Making Cuts to Unemployment Benefits do not Encourage Jobs telling Report states
About half of states cut federal unemployment benefits in June or July 2021, a few months ahead of their scheduled expiration...
Many people believe the cure to eliminating the excess individuals collecting unemployment is to lower the benefits provided by the programs. When states would make these cuts to pandemic unemployment benefits last summer, the action had a small impact on hiring according to a recent report.
The federal government threw all they could to enhance the safety net for the jobless in March 2020. Hundreds of dollars in additional weekly benefits to individuals were paid out and they gave aid to millions of previously ineligible people, like gig workers and the self-employed.
Governors of roughly half the states withdrew federal benefits in June or July 2021 which is a few months before their scheduled expiration nationwide on September 6. The debate at the time centered on what was seen as the likelihood that the benefit boost was contributing to employers’ hiring challenges.
The officials in favor of cutting the benefits believed federal assistance kept people from looking for work, while others argued that factors like ongoing pandemic health risks and family-care duties played a bigger role in the job crunch.

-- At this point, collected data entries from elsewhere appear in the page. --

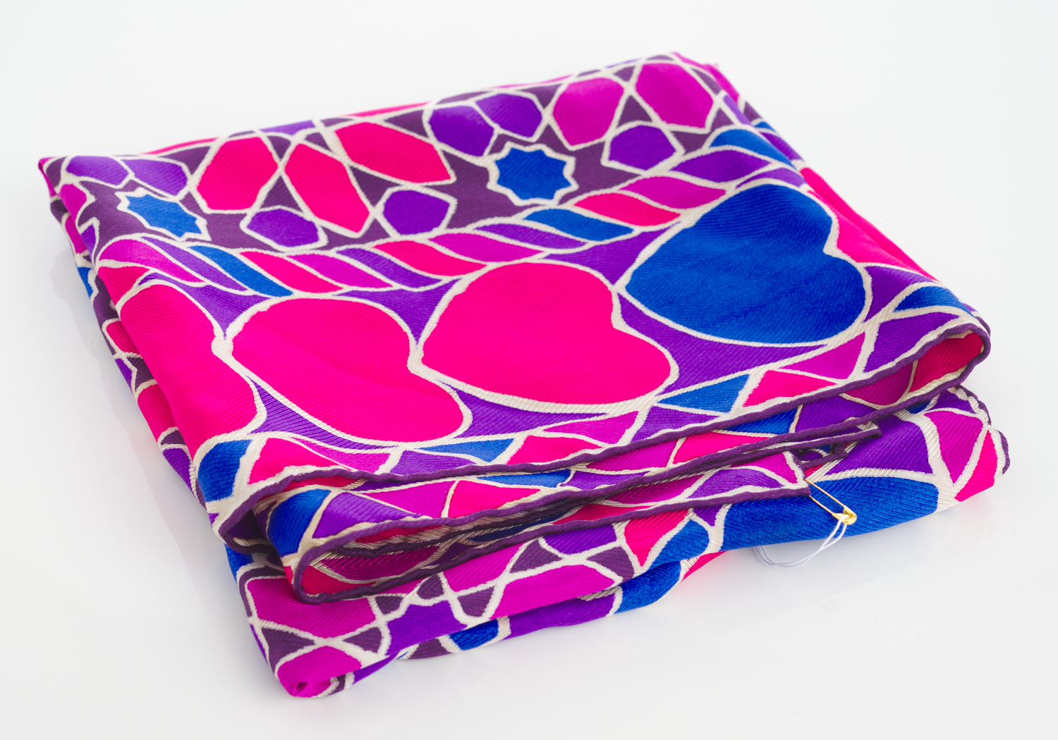 AN YVES SAINT LAURENT SQUARE SCARF IN RED AND PURPLE TWILL SILK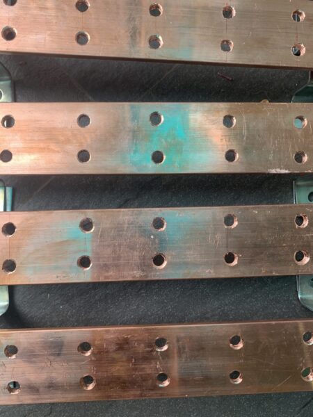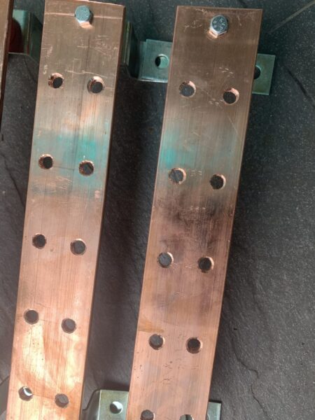 - Bảng đồng tiếp địa 300x50x5 : Thiết bị này là vật trung gian, đứng giữa 2 hệ thống: thu sét và tản sét. Về bản chất, bản đồng tiếp địa là những miếng đồng dẹt, được đục sẵn lỗ. Một đến hai lỗ sẽ được bắt dây tiếp địa, nối từ các thiết bị thu sét (hệ thống chống sét trực tiếp) hoặc cắt lọc sét (hệ thống chống sét lan truyền). Các lỗ còn lại được nối với bãi tiếp địa.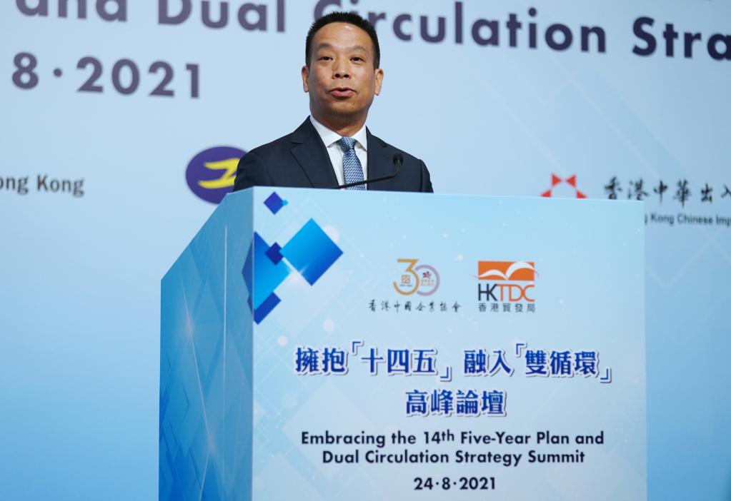 作為國家“十四五”規劃宣講團在港系列宣講活動的重要組成部分,“擁抱‘十四五’ 融入‘雙循環’”高峰論壇24日在香港會展中心舉行,由香港中國企業協會和香港貿發局主辦。來自香港工商界、學術界、外國商會和外資企業代表,以及中企協會會員代表等300余人與會。林建岳出席論壇開幕式時發表上述致辭。

An in-depth analysis by researchers at the Fed in San Francisco found states that eliminated the benefits early didn’t experience the intended effect of boosting a big increase in jobs. It compared hiring rates from July to September 2021 in the states that ended benefits with those that kept them intact.
Hiring picked up a measly 0.2% in the studied states compared to the benefit-keeping states. The small increase was recorded while considering states’ average monthly hiring rates of about 4%-5%. Ultimately, if the state were to maintain federal benefits, it would have a 4.5% hiring rate compared to a state that cut them and experienced a hiring rate of 4.7%.